- _What to work on_
Ignoring every picture, return the lines of the listing below word for word, from the line that holds "UNIQUE REVERSE FOLDING" through the line that holds "2. HTML Mode: Run".

- _Data to process_
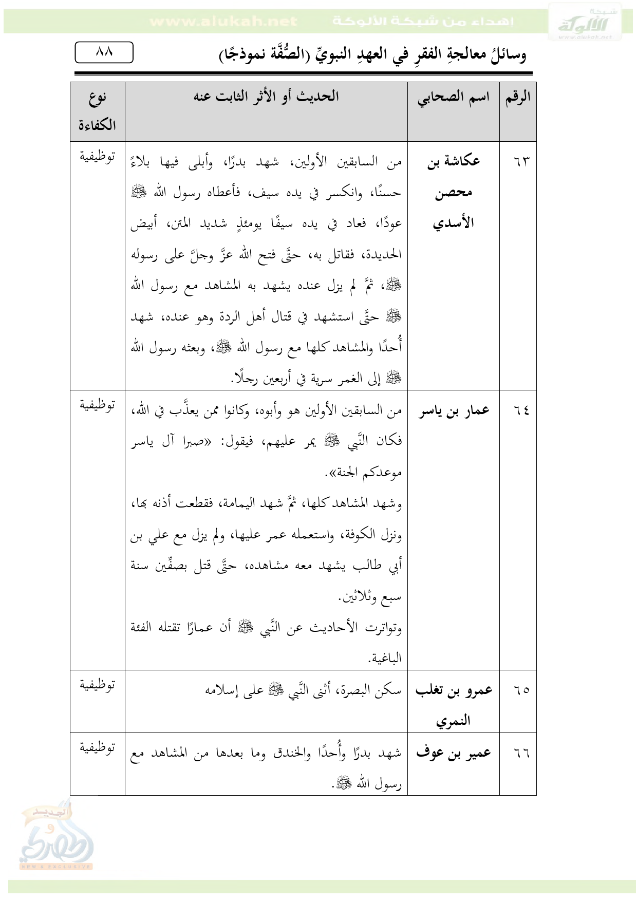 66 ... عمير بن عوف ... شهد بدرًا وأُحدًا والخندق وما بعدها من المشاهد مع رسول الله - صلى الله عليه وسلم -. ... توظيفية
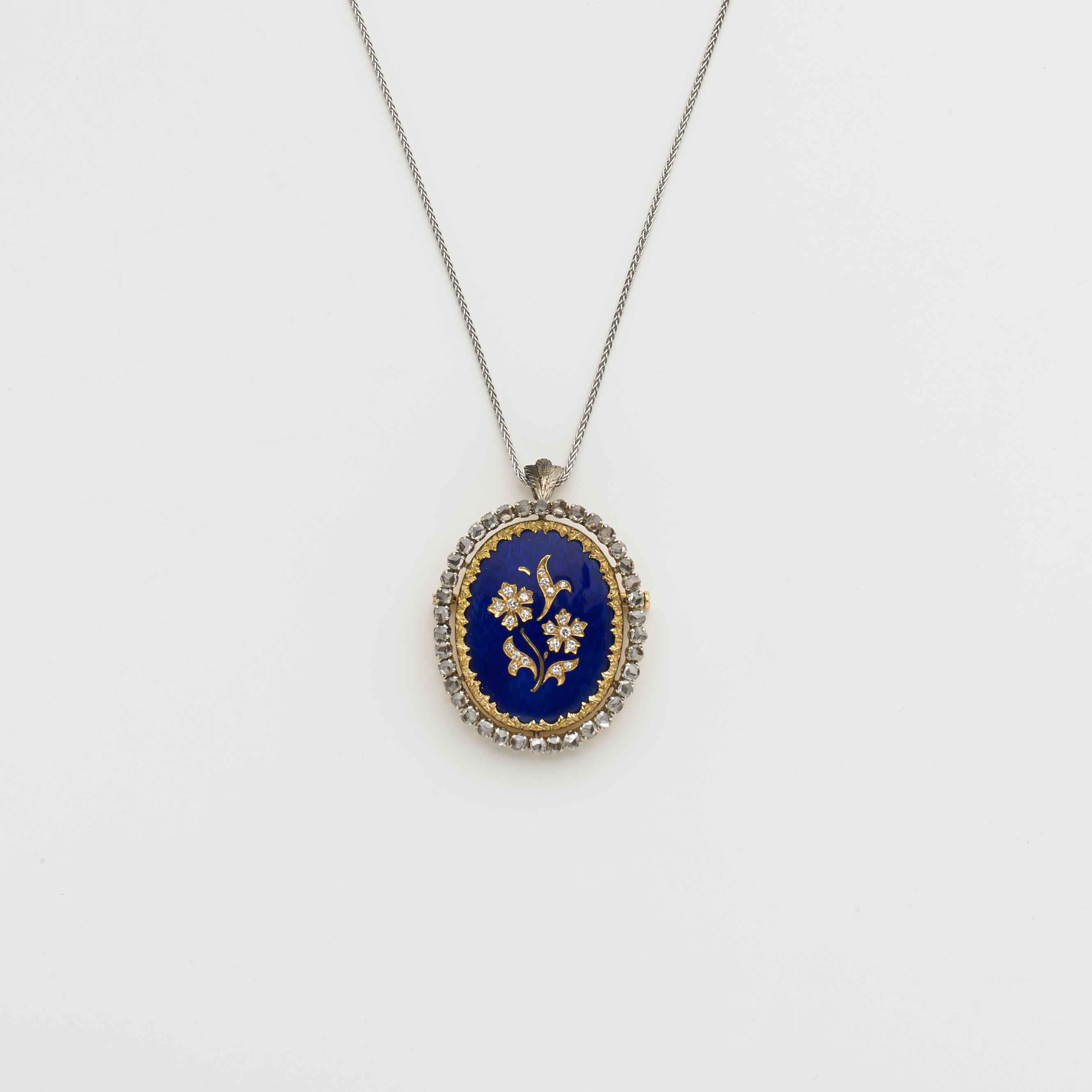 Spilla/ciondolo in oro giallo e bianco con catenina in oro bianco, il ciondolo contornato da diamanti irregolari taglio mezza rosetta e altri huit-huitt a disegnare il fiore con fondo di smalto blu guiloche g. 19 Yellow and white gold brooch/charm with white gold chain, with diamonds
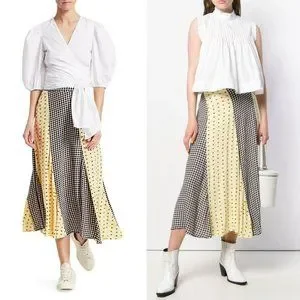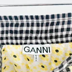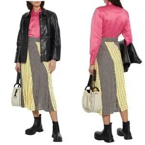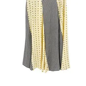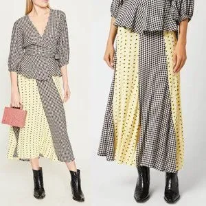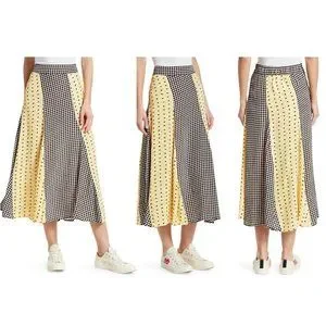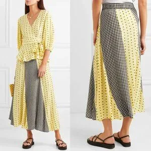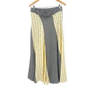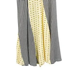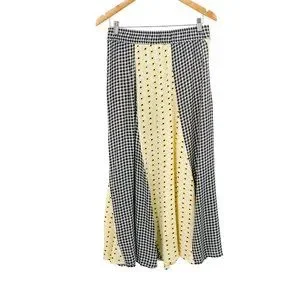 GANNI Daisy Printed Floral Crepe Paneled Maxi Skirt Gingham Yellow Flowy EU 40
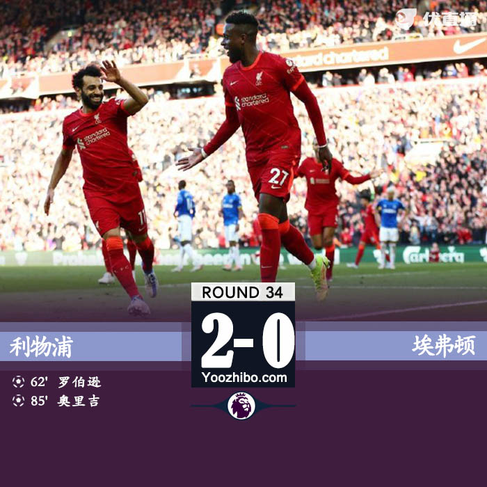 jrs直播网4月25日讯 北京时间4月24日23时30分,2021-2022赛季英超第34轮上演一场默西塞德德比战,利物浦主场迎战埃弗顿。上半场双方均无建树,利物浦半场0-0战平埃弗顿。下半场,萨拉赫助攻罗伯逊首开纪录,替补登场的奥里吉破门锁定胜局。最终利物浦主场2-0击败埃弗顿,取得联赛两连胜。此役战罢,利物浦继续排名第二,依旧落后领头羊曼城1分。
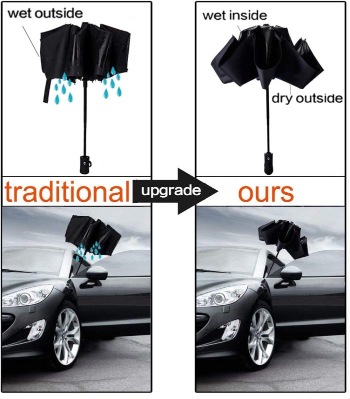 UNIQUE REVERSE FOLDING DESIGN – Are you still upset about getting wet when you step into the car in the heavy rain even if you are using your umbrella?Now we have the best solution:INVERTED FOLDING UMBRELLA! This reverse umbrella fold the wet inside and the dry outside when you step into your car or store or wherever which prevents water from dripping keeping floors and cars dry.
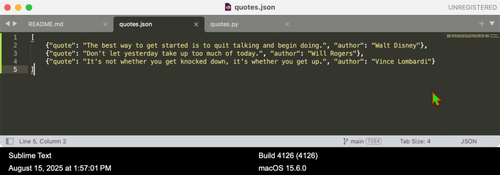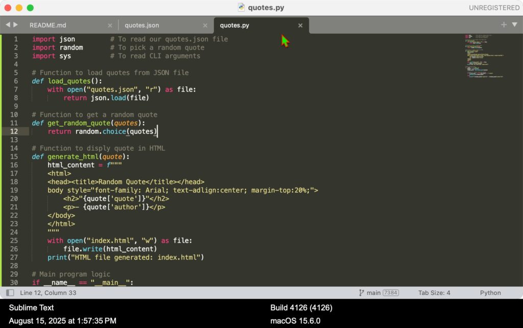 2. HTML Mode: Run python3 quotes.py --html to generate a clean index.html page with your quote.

---

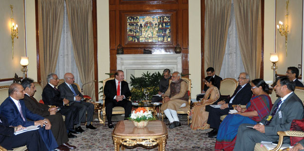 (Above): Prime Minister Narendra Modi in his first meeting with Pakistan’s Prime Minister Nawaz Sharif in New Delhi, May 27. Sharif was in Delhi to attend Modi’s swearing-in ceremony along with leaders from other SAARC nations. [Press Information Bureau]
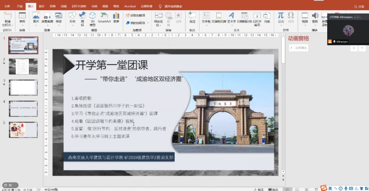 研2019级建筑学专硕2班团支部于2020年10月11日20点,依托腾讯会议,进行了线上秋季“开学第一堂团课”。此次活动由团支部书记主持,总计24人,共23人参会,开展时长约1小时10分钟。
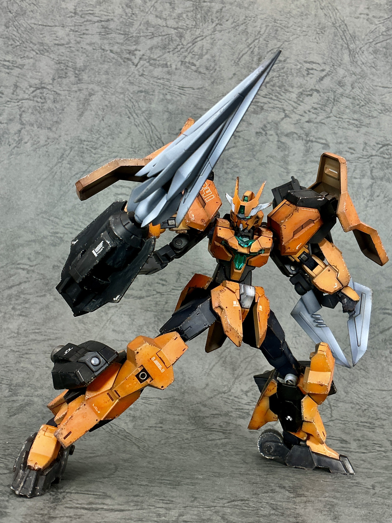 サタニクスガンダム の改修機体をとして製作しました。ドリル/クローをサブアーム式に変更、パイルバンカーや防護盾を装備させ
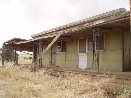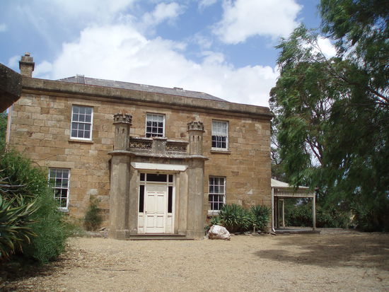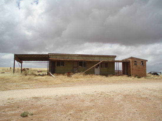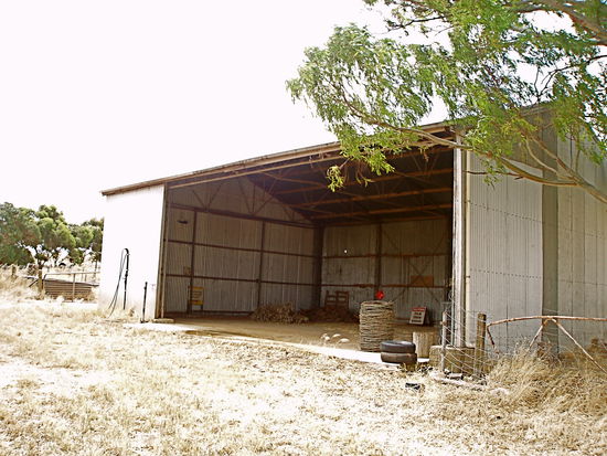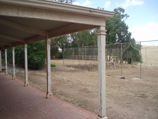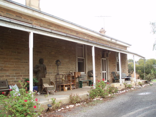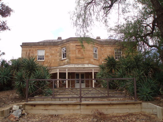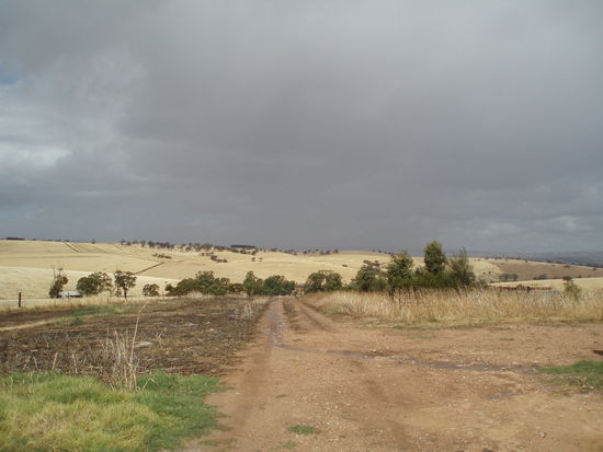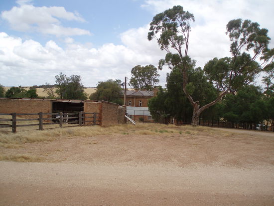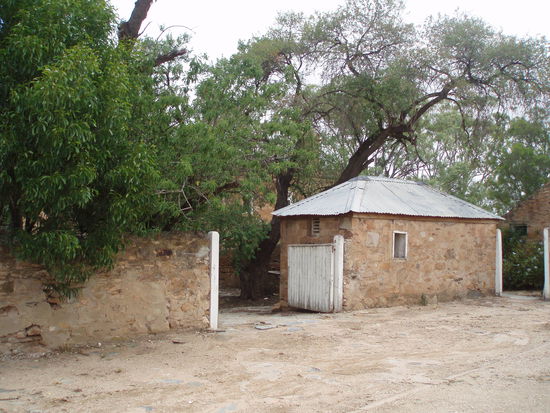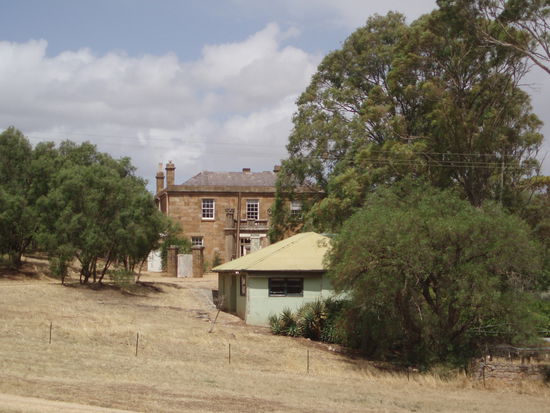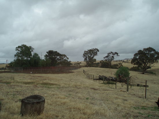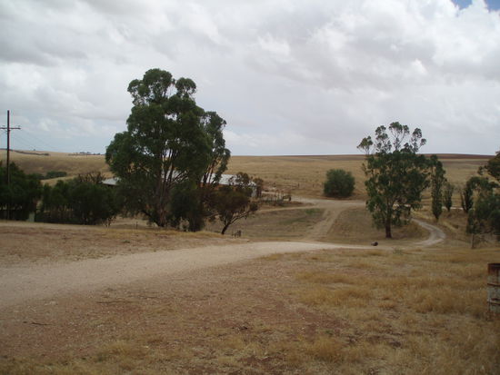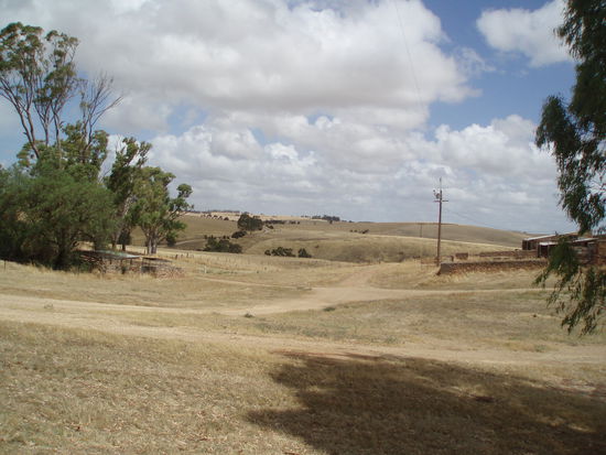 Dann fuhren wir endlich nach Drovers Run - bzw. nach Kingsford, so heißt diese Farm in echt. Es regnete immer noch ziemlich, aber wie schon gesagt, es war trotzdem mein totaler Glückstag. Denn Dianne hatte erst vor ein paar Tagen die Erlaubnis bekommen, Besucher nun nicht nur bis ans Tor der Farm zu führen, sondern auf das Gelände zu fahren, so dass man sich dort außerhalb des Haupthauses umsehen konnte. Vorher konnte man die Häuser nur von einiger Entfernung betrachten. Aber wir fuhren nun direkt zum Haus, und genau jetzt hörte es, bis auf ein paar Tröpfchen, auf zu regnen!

* * *

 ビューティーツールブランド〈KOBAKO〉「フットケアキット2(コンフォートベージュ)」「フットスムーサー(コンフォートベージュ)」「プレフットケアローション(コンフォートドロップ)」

- _Expected output_
 UNIQUE REVERSE FOLDING DESIGN – Are you still upset about getting wet when you step into the car in the heavy rain even if you are using your umbrella?Now we have the best solution:INVERTED FOLDING UMBRELLA! This reverse umbrella fold the wet inside and the dry outside when you step into your car or store or wherever which prevents water from dripping keeping floors and cars dry.
 2. HTML Mode: Run python3 quotes.py --html to generate a clean index.html page with your quote.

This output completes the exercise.